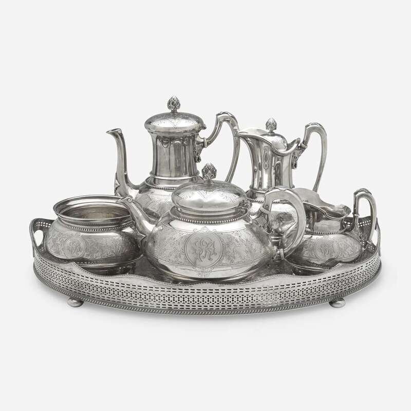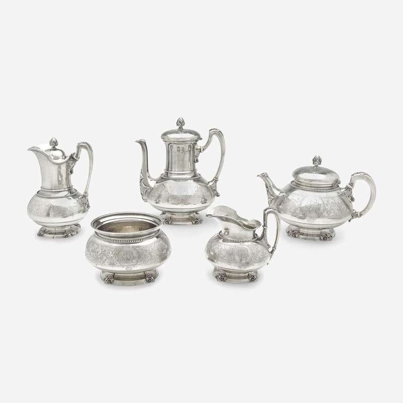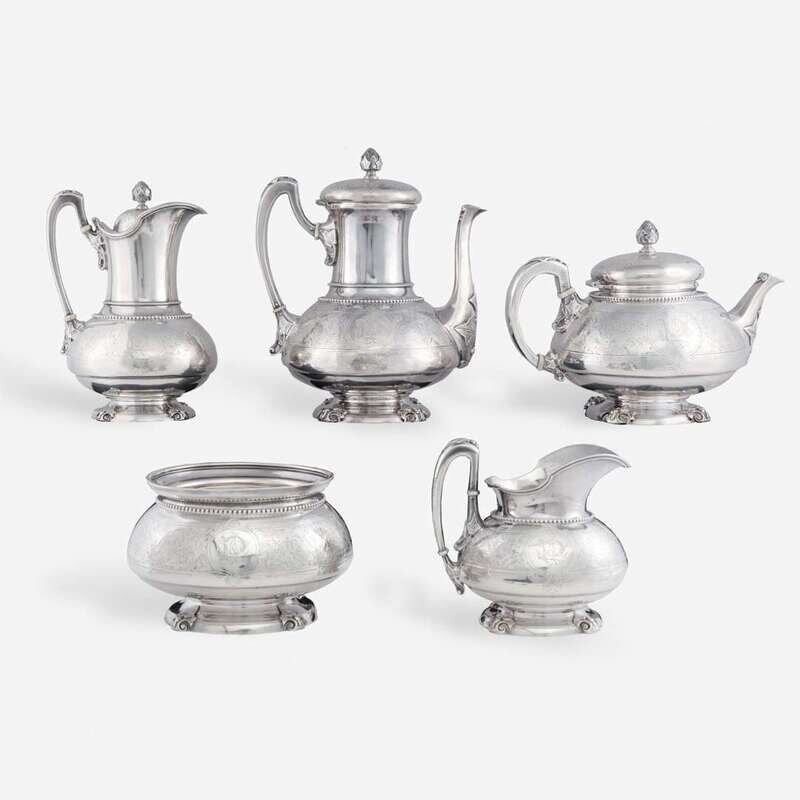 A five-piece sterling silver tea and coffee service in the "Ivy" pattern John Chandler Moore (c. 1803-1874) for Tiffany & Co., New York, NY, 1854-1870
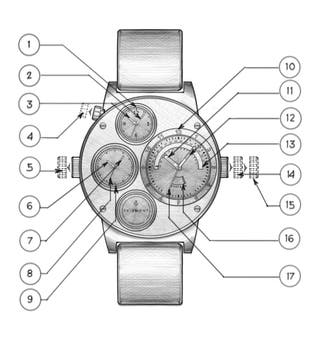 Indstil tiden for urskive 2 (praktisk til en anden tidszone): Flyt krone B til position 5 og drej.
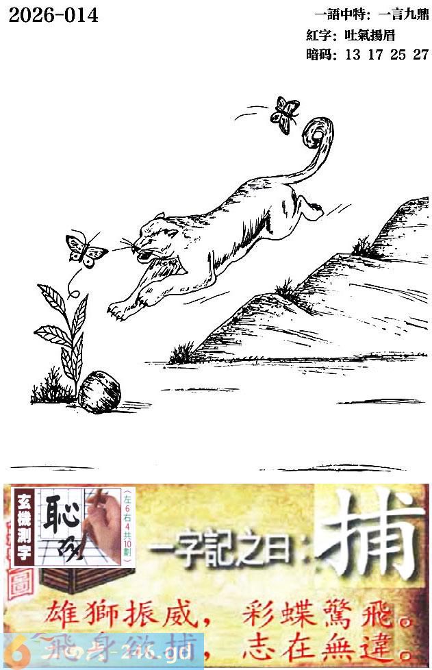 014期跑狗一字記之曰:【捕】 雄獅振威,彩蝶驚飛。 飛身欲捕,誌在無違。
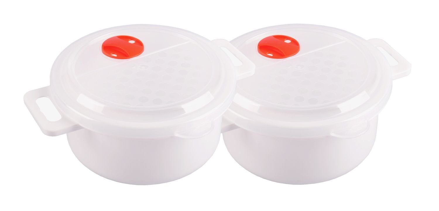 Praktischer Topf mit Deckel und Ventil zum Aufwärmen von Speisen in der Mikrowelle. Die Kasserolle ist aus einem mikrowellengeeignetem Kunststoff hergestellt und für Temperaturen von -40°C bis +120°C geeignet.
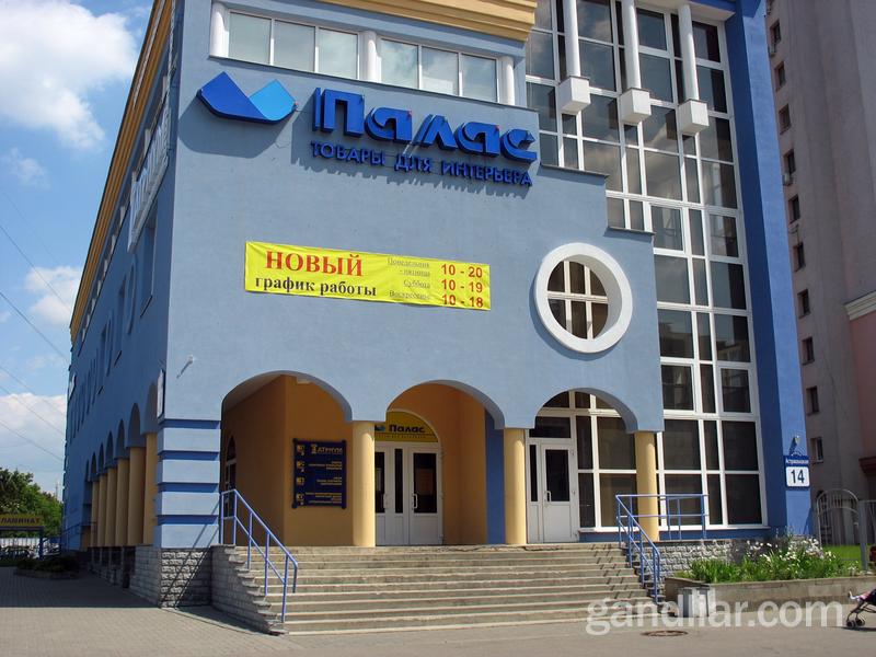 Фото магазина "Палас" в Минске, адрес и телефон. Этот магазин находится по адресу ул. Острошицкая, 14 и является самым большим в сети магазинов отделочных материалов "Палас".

EXERCISE INSTRUCTIONS:
Write out exactly the lines of the material above, starting with the first and finishing with the line that contains "014期跑狗一字記之曰:【捕】 雄獅振威,彩蝶驚飛。 飛身欲捕,誌在無違。", without pictures.

COMPLETED TASK:
 A five-piece sterling silver tea and coffee service in the "Ivy" pattern John Chandler Moore (c. 1803-1874) for Tiffany & Co., New York, NY, 1854-1870
 Indstil tiden for urskive 2 (praktisk til en anden tidszone): Flyt krone B til position 5 og drej.
 014期跑狗一字記之曰:【捕】 雄獅振威,彩蝶驚飛。 飛身欲捕,誌在無違。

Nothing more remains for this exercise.